Showing 6 changed files with 261 additions and 51 deletions.
diff --git a/sql/catalyst/src/main/java/org/apache/spark/sql/connector/catalog/functions/Reducer.java b/sql/catalyst/src/main/java/org/apache/spark/sql/connector/catalog/functions/Reducer.java
@@ -21,13 +21,20 @@
 /**
  * A 'reducer' for output of user-defined functions.
  *
- * A user_defined function f_source(x) is 'reducible' on another user_defined function f_target(x),
- * if there exists a 'reducer' r(x) such that r(f_source(x)) = f_target(x) for all input x.
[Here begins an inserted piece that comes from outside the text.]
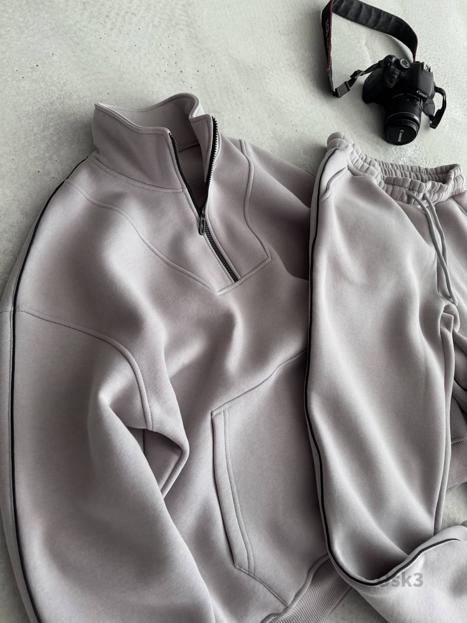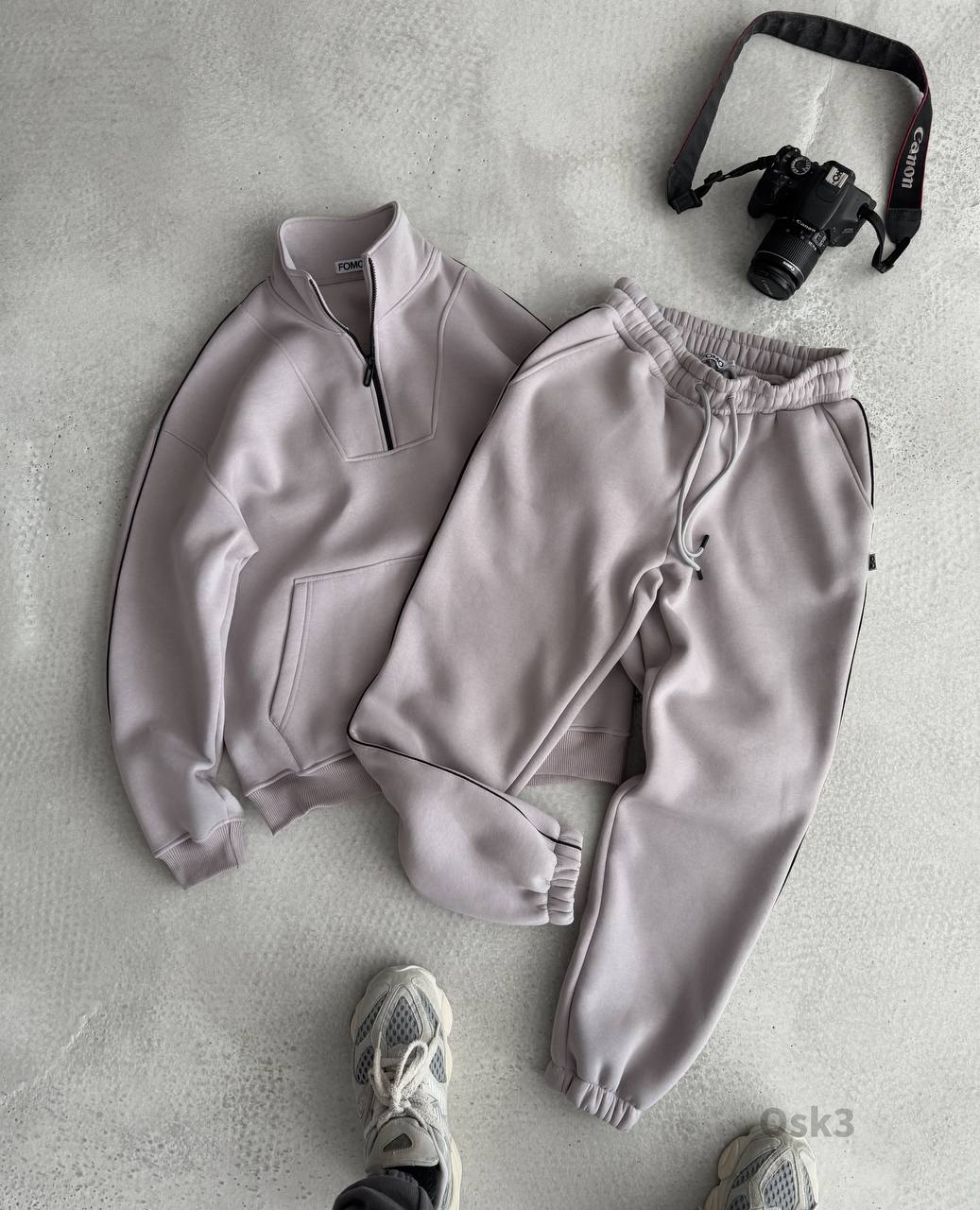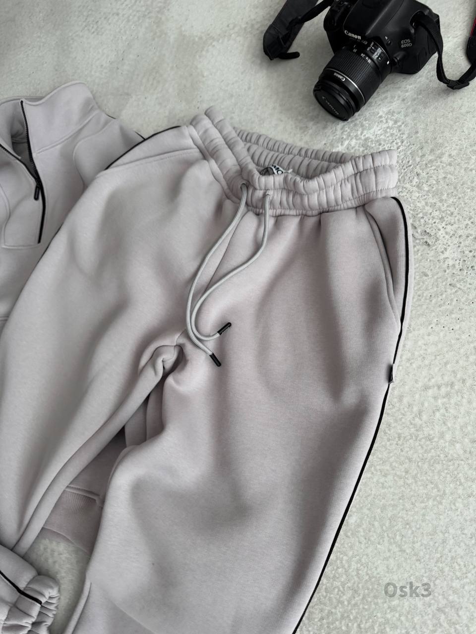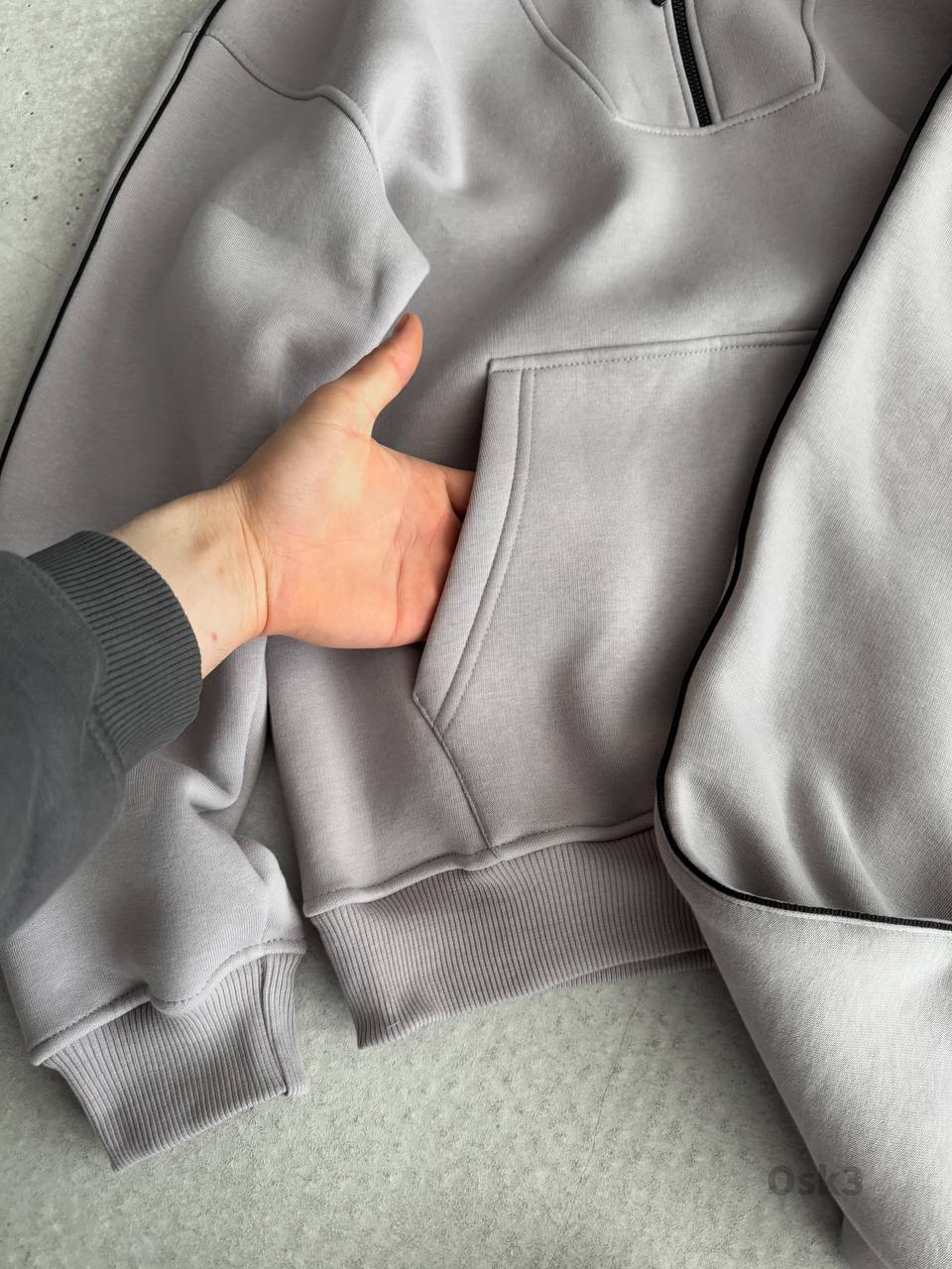 Мужской Утепленный Серый Спортивный Костюм на Флисе с Кантом (Свитшот + Штаны)

+ * @see ReducibleFunction
+ *
+ * A user defined function f_source(x) is 'reducible' on another user_defined function f_target(x) if
+ * <ul>
+ *   <li> There exists a reducer function r(x) such that r(f_source(x)) = f_target(x) for all input x. </li>
+ *   <li> More generally, there exists two reducer functions r1(x) and r2(x) such that
+ *     r1(f_source(x)) = r2(f_target(x)) for all input x. </li>
+ * </ul>
+ *
  * @param <I> reducer input type
  * @param <O> reducer output type
  * @since 4.0.0
  */
 @Evolving
 public interface Reducer<I, O> {
-    O reduce(I arg1);
+    O reduce(I arg);
 }
diff --git a/...yst/src/main/java/org/apache/spark/sql/connector/catalog/functions/ReducibleFunction.java b/...yst/src/main/java/org/apache/spark/sql/connector/catalog/functions/ReducibleFunction.java
@@ -17,23 +17,34 @@
 package org.apache.spark.sql.connector.catalog.functions;
 
 import org.apache.spark.annotation.Evolving;
-import scala.Option;
 
 /**
  * Base class for user-defined functions that can be 'reduced' on another function.
  *
  * A function f_source(x) is 'reducible' on another function f_target(x) if
- * there exists a reducer function r(x) such that r(f_source(x)) = f_target(x) for all input x.
- *
+ * <ul>
+ *   <li> There exists a reducer function r(x) such that r(f_source(x)) = f_target(x) for all input x. </li>
+ *   <li> More generally, there exists two reducer functions r1(x) and r2(x) such that
+ *        r1(f_source(x)) = r2(f_target(x)) for all input x. </li>
+ * </ul>
  * <p>
  * Examples:
  * <ul>
- *    <li>Bucket functions
+ *    <li>Bucket functions where one side has reducer
  *    <ul>
  *        <li>f_source(x) = bucket(4, x)</li>
  *        <li>f_target(x) = bucket(2, x)</li>
- *        <li>r(x) = x / 2</li>
+ *        <li>r(x) = x % 2</li>
  *    </ul>
+ *
+ *    <li>Bucket functions where both sides have reducer
+ *    <ul>
+ *        <li>f_source(x) = bucket(16, x)</li>
+ *        <li>f_target(x) = bucket(12, x)</li>
+ *        <li>r1(x) = x % 4</li>
+ *        <li>r2(x) = x % 4</li>
+ *    </ul>
+ *
  *    <li>Date functions
  *    <ul>
  *        <li>f_source(x) = days(x)</li>
@@ -49,24 +60,42 @@
 public interface ReducibleFunction<I, O> {
 
     /**
-     * If this function is 'reducible' on another function, return the {@link Reducer} function.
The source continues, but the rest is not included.